За три дня до генеральной мы с Робером присутствовали на одной из репетиций «Тех, кто выжил». И оба пришли в восторг. Мне нравятся все книги Анри, они затрагивают меня лично; но я признала, что никогда еще он не создавал ничего столь прекрасного. Для него были новы и эта словесная сила воздействия, и этот лиризм – и шутовской, и мрачный. К тому же на сей раз не было никакого разрыва между интригой и идеями: достаточно было внимательно следить за развитием сюжета, и смысл пьесы захватывал вас, ибо полностью соответствовал необычному и убедительному сюжету, обладал богатством реальности. «Вот это настоящий театр!» – говорил Робер. Я надеялась, что все зрители воспримут спектакль как мы. Правда, эта драма, сочетавшая в себе трагедию и фарс, говорила напрямик обо всем, что могло их отпугнуть. Когда в день генеральной репетиции поднялся занавес, я ощущала сильное беспокойство. У малютки Жозетты явно недоставало способностей, но, когда люди стали шуметь, она держалась отлично. После первого акта много аплодировали. И еще больше в конце, это был настоящий триумф. Действительно, в жизни писателя, даже довольно удачливого, бывают нешуточные моменты подлинной радости; должно быть, это очень волнует, если осознаешь вдруг, что дело твое удалось.

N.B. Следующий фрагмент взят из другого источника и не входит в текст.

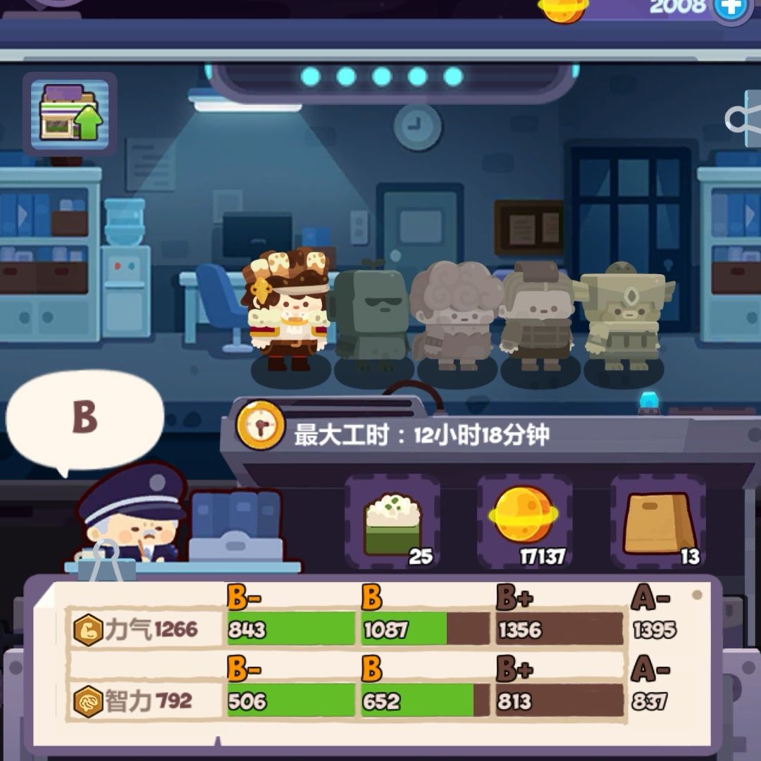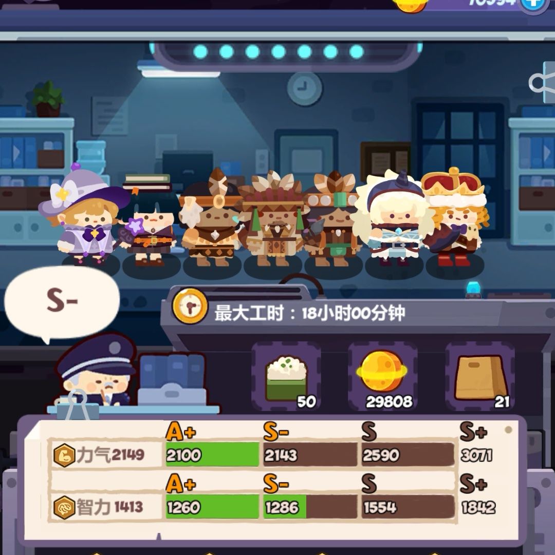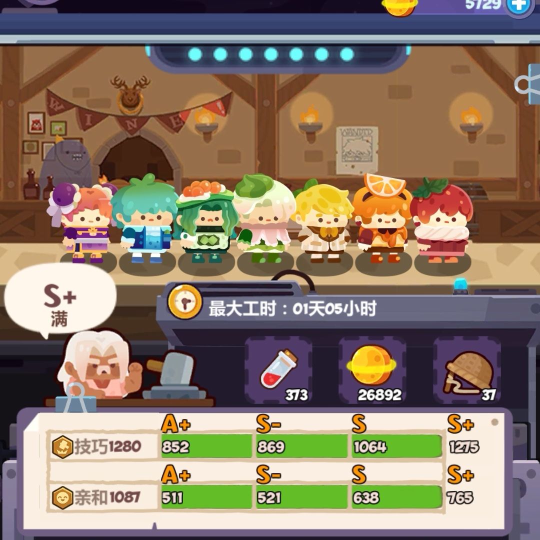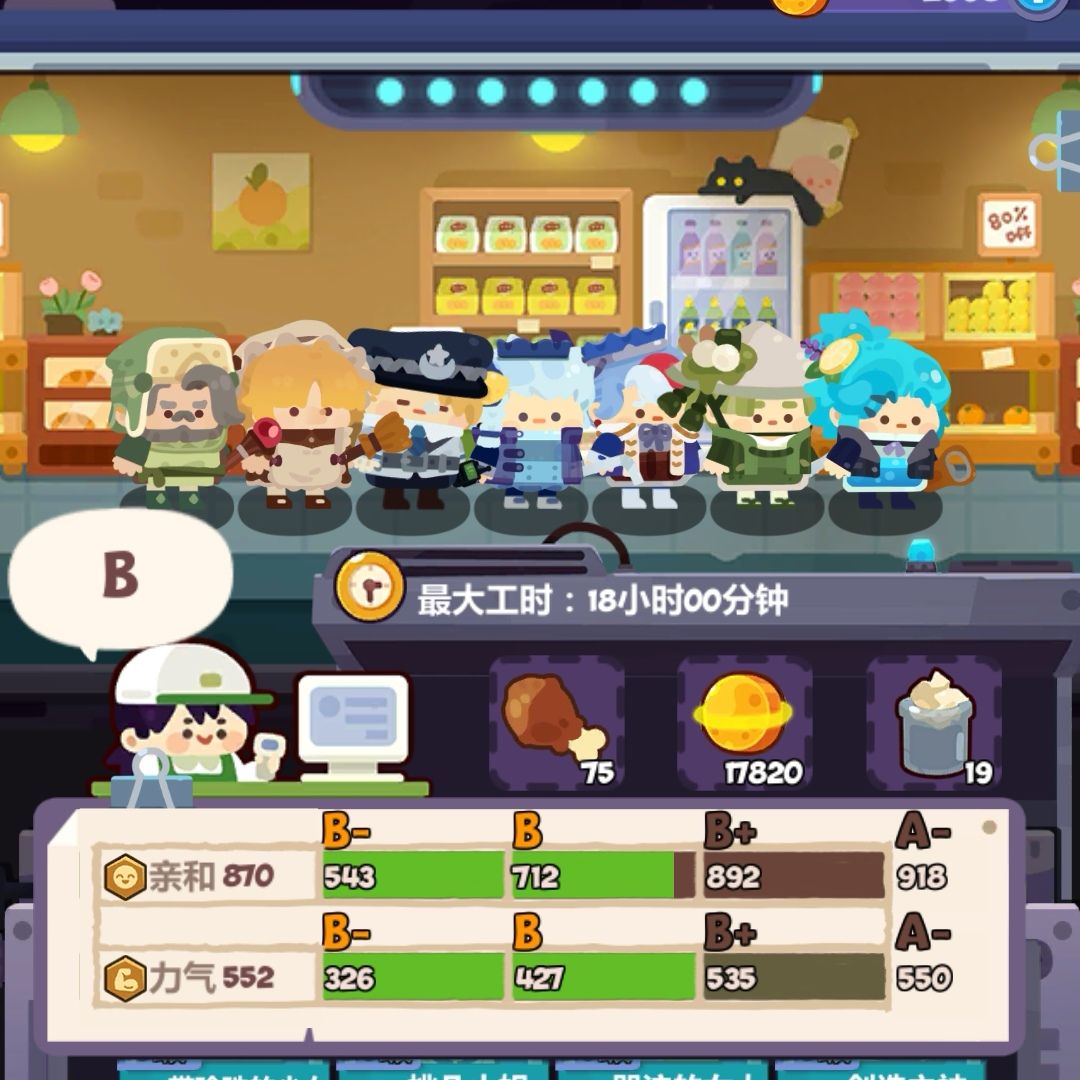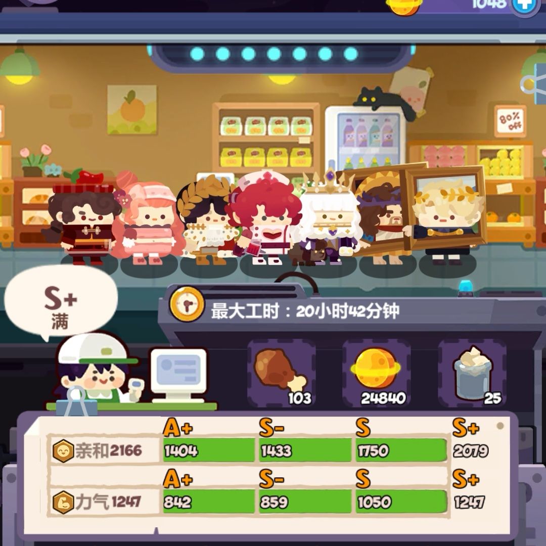 超市打工仔以亲和为主力量为辅,值得一提的是要到达同样的评级,超市所需要的属性要比道具店高,比如道具店S级需要技巧值1064,而超市A级就已经需要亲和值1155,要到达A+则需要亲和值1404,换言之7个打工仔平均每个要提供200+的亲和值。
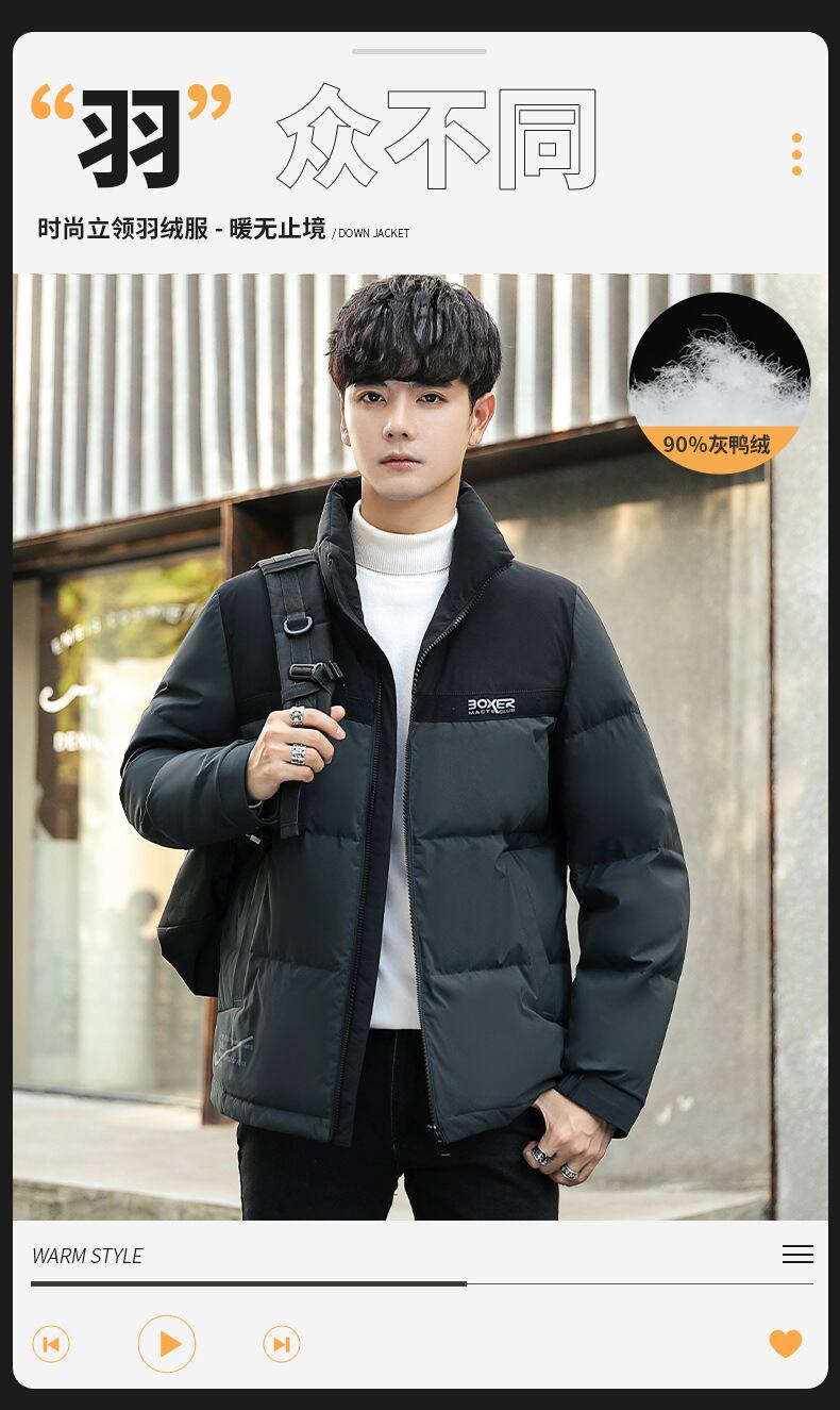 メンズダウンジャケット2021新しい冬のカジュアルグレーダックダウンジャケット学生スタンドアップカラーウォームショートダウンジャケット男性 ウィンター 冬物 732702651535386
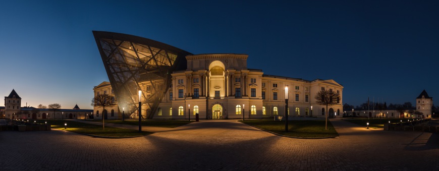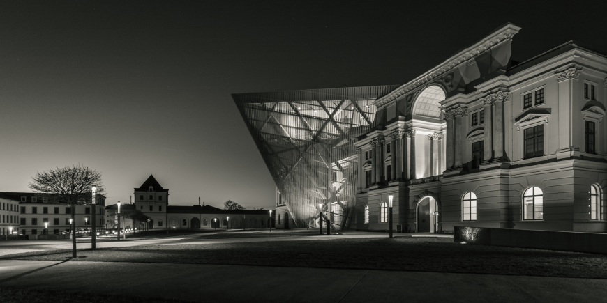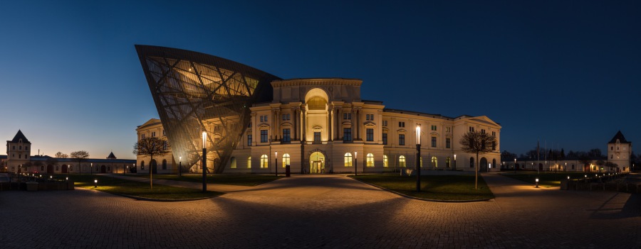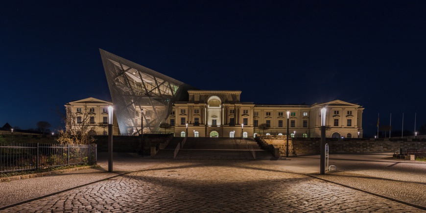 180° Panorama des Militärhistorischen Museums in Dresden. Das Gebäude entstand als Arsenalhauptgebäude von 1873 bis 1877 am Olbrichtplatz in der Dresdner Albertstadt. Ab 1914 diente es als Sächsisches Armeemuseum, zwischen 1940 und 1945 als Herresmuseum und von 1972 als Armeemuseum der DDR. 1994 wurde es das Zentrale Museum der Bundeswehr.
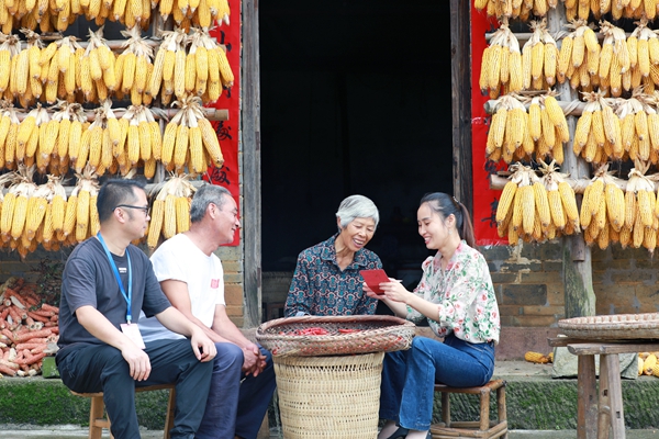 重庆市长寿区纪委监委聚焦养老社保领域截留克扣、虚报冒领群众养老钱、社保金等突出问题,深入基层走访,听民声、解难题。图为近日,该区纪检监察干部和村监察监督员在葛兰镇大坝村向群众了解社保金发放情况。彭俊华 摄
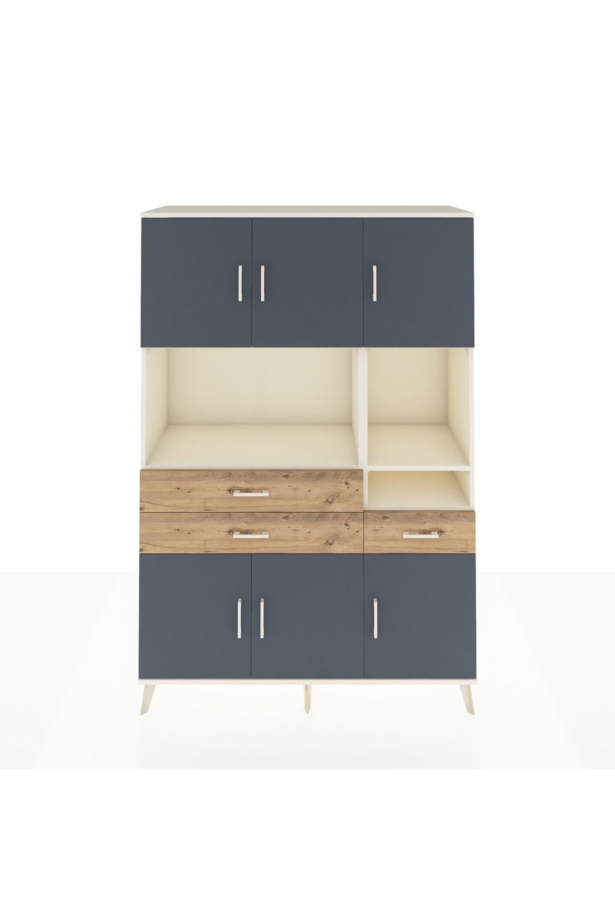 Hyperion Dolap 9 Raflı 3 Çekmeceli 6 Kapaklı 132x44x195 Aytaşı-Antrasit/Çam
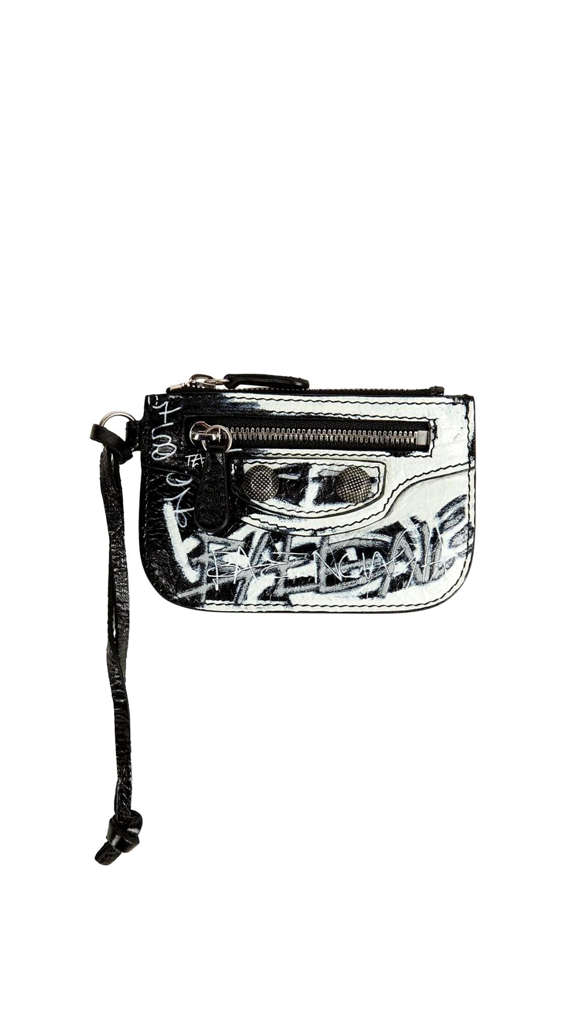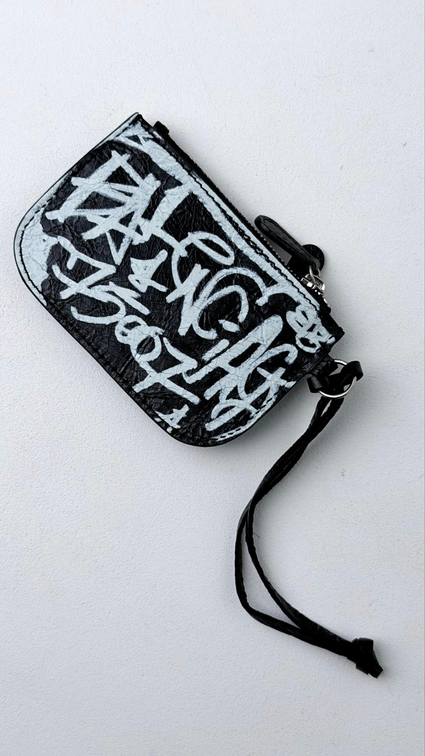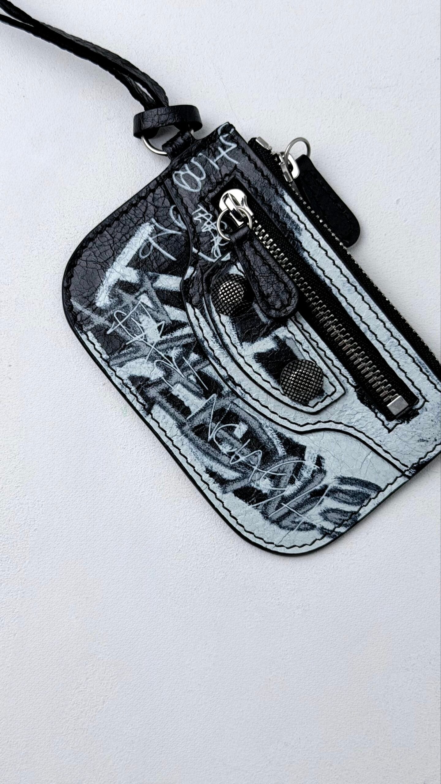 Ефектний аксесуар, що поєднує в собі архівний дизайн лінійки Neo Classic та зухвалий вуличний стиль. Модель виконана з фактурної шкіри з контрастним принтом у стилі графіті, що робить кожен виріб візуально унікальним. Можна вішати на сумочки як аксесуар.

Когда я вошла в ресторан, то сразу почувствовала огромный прилив симпатии к Анри; истинная простота – это такая редкость! Вокруг него все дышало фальшью – улыбки, голоса, слова, а он был точно такой, как всегда; вид у него был счастливый и немного смущенный, я хотела сказать ему множество самых приятных вещей, но, видно, мне не следовало мешкать: не прошло и пяти минут, как в горле у меня встал ком. Надо сказать, мне не повезло, я столкнулась с Люси Бельом в тот момент, когда она говорила Воланжу, показывая на двух молоденьких актрис-евреек: «У немцев были не кремационные печи, а инкубаторы!» Шутка была мне знакома, но я ни разу не слышала ее собственными ушами: я пришла в ужас и от Люси Бельом, и от себя самой. И рассердилась за это на Анри. В своей пьесе он говорил прекрасные вещи о забвении, однако и он тоже оказался, пожалуй, забывчивым. Венсан уверял, что матушку Бельом в свое время побрили, и она вполне это заслужила. А Воланж, что он здесь делал? У меня пропало желание поздравлять Анри. Думаю, он почувствовал мое смущение. Я осталась ненадолго из-за Поль, но ощущала такую неловкость, что пила без меры: мне это почти не помогло. На память пришли слова, сказанные Ламбером Надин. «По какому праву я упрямо вспоминаю? – спрашивала я себя. – Сделала я меньше, чем другие, и страдала меньше других: если они забыли, если надо забыть, мне тоже остается только забыть». Но напрасно я ругала себя: мне хотелось оскорбить кого-нибудь или заплакать. Примириться, простить! Какие лицемерные слова. Люди просто забывают, и все. Забыть мертвых – этого оказалось недостаточно. Теперь мы забываем убийства, мы забываем убийц. Ладно, права у меня нет, но, если слезы подступают к моим глазам, это касается только меня.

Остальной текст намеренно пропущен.